Besides that, using two passes is not easy, as I will explain below.

>If you have enough RAM, you can save the PCM while running volumedetect and
>avoid the second decoding too.

I do not control the user environment at all. The only thing I know is
that the host PC has at least Windows XP. For my users it is a one click
experience: they connect a SD card with a Camcorder recording through
USB to their computer, start our software which is on the same SD card,
review if the right video is there and click on 'Yes, upload this for
me'. Then, behind the scenes, MEncoder or FFMpeg starts compressing the
recording, saves the resulting video on the SD card (I am not allowed to
use the HD of the host PC) and LFTP starts uploading the compressed file
over a SFTP-connection to our server. Sometimes hours after the
one-click the video is online.

As there is no user-interaction at all, I will have to find a way to
pass the outcome of the volumedetect to a second FFMpeg-commandline for
the second pass. As far as I know now, this can only be done by parsing
the screen output of the first pass, extract the volume level and use
that for composing the second command line.

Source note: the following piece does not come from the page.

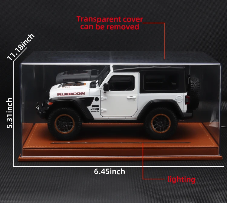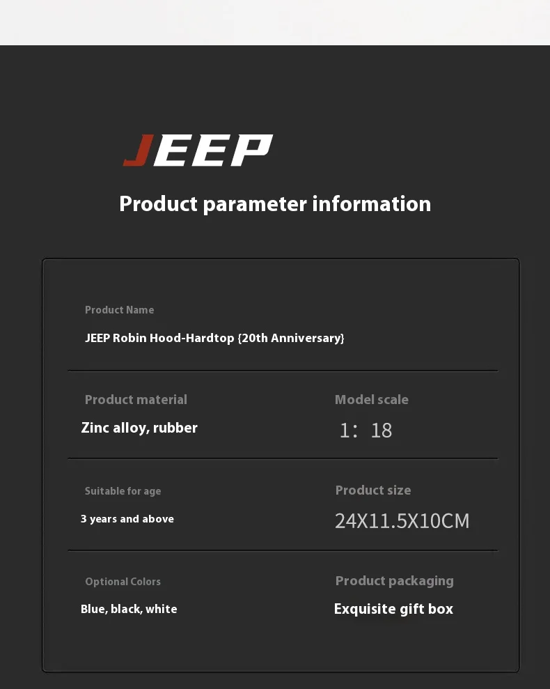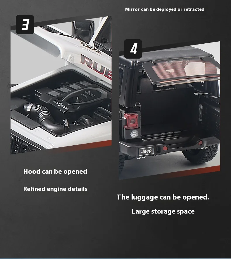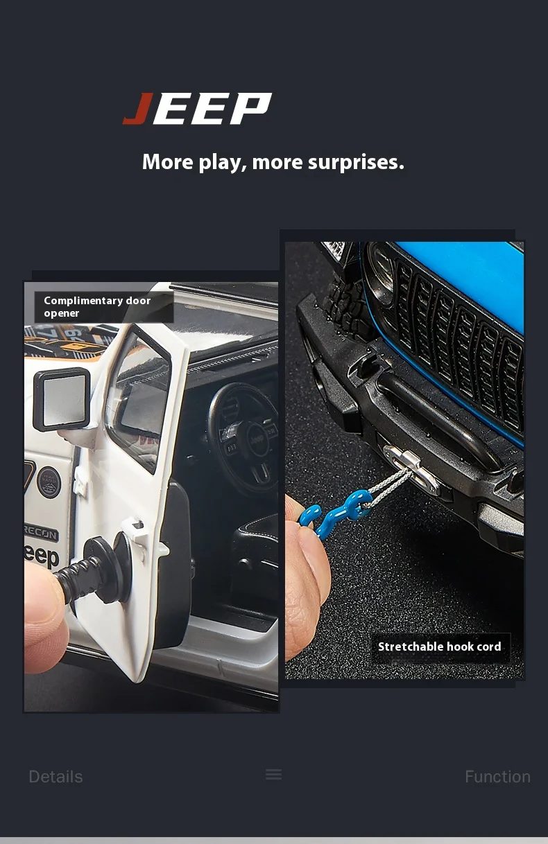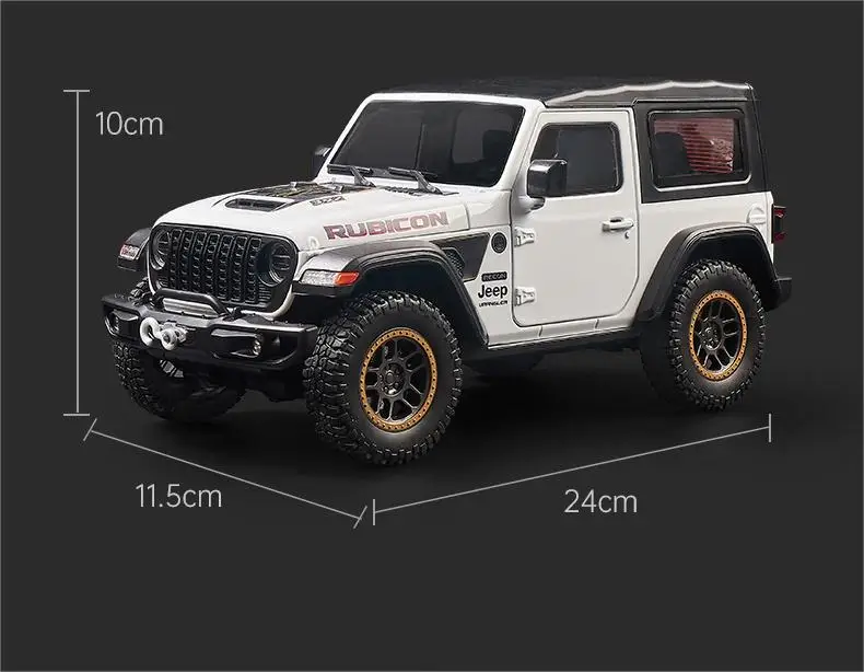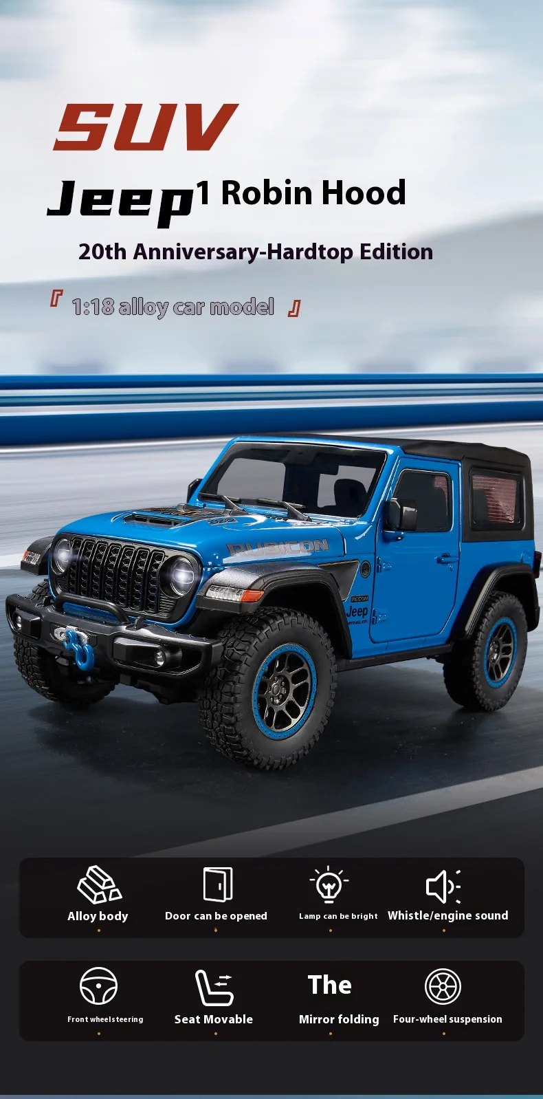 The 1:18 scale Jeep Wrangler alloy toy model boasts remarkable detailing, accurately replicating the iconic design of the real-life vehicle. It's the perfect replica for any Jeep enthusiast.

I would rather not do that, even if it delivers another 5% (or something
like that) speed increase. Everything that breaks the process into more
steps is bound to lead to errors.

Would it be possible to insert the momentary value for volumedetect in
the metadata and use that as input in af_volume.c? One pass
normalization based on volumedetect should be faster than what we have
now.

How would we achieve that?

Jan